Throughout the centuries, conquest, war, and unspeakable acts of racist violence and colonial dispossession have all been justified by citing Western civilization’s fundamental opposition to the irreconcilable differences represented by indigenous tribal peoples.
This Colloquium presentation is based on Professor Williams’ recently published book, Savage Anxieties: The Invention of Western Civilization. In the lecture, he will explore the history and consequences of the denial of indigenous peoples’ human rights to lands and resources in the West from the time of the ancient Greeks and Romans up through Canada’s 21st century treaty negotiations with First Nations in Britsh Columbia and its 2007 vote against the United Nations Declaration on the Rights of Indigenous Peoples.
Rob Williams’ presentation begins at the 8 minute mark. A 30 minute Q&A session follows his presentation.
SFU President’s Dream Colloquium on Justice Beyond National Boundaries: “Savage Anxieties: Global Justice, First Nations’ Land Claims, and Indigenous Peoples’ Human Rights under International Law”

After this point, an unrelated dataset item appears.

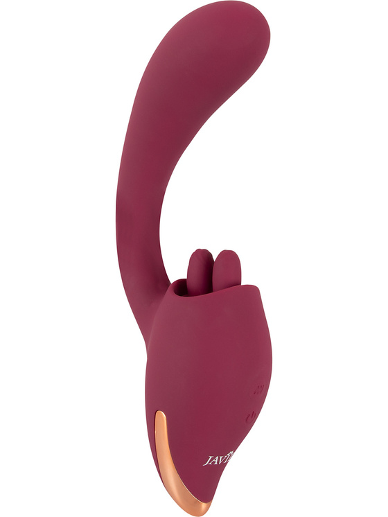 This is a stylish vibrator from Javida with two functions that give double the pleasure: intense vibrations for the inside/G-spot and an innovative licking-function for the clitoris. Two soft, mildly textured tongues move back and forth in opposite directions on the clitoral stimulator to simulate the sensation of oral sex.

Rob Williams is a member of the Lumbee Indian Tribe of North Carolina and a recipient of many awards and honours for his research into Indian rights and the legal history of racism. He has also served as Chief Justice for the Court of Appeals, Pascua Yaqui Indian Reservation, and as Justice for the Court of Appeals and trial judge pro tem for the Tohono O’odham Nation. He is Jr. Faculty Co-Chair of the University of Arizona Indigenous Peoples Law and Policy Program and Lead Counsel in the case of the Hul’qumi’num Treaty Group v. Canada (presently awaiting a decision on the Merits from the Inter-American Commission on Human Rights).